◆ What you should do: Please write out the full listing beneath this line exactly, skipping its images.
──────── Information supplied
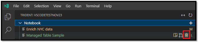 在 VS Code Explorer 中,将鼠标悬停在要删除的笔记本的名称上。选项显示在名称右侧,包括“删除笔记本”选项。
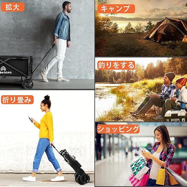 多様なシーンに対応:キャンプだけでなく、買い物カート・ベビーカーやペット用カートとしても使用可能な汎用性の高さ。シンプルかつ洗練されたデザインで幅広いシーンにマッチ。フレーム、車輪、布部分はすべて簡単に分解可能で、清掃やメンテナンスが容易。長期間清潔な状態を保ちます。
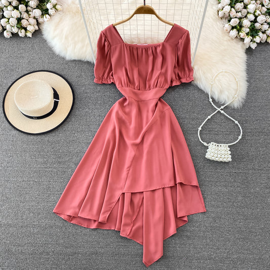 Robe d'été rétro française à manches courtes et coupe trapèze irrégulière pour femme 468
────────────────
◆ Answer box:
 在 VS Code Explorer 中,将鼠标悬停在要删除的笔记本的名称上。选项显示在名称右侧,包括“删除笔记本”选项。
 多様なシーンに対応:キャンプだけでなく、買い物カート・ベビーカーやペット用カートとしても使用可能な汎用性の高さ。シンプルかつ洗練されたデザインで幅広いシーンにマッチ。フレーム、車輪、布部分はすべて簡単に分解可能で、清掃やメンテナンスが容易。長期間清潔な状態を保ちます。
 Robe d'été rétro française à manches courtes et coupe trapèze irrégulière pour femme 468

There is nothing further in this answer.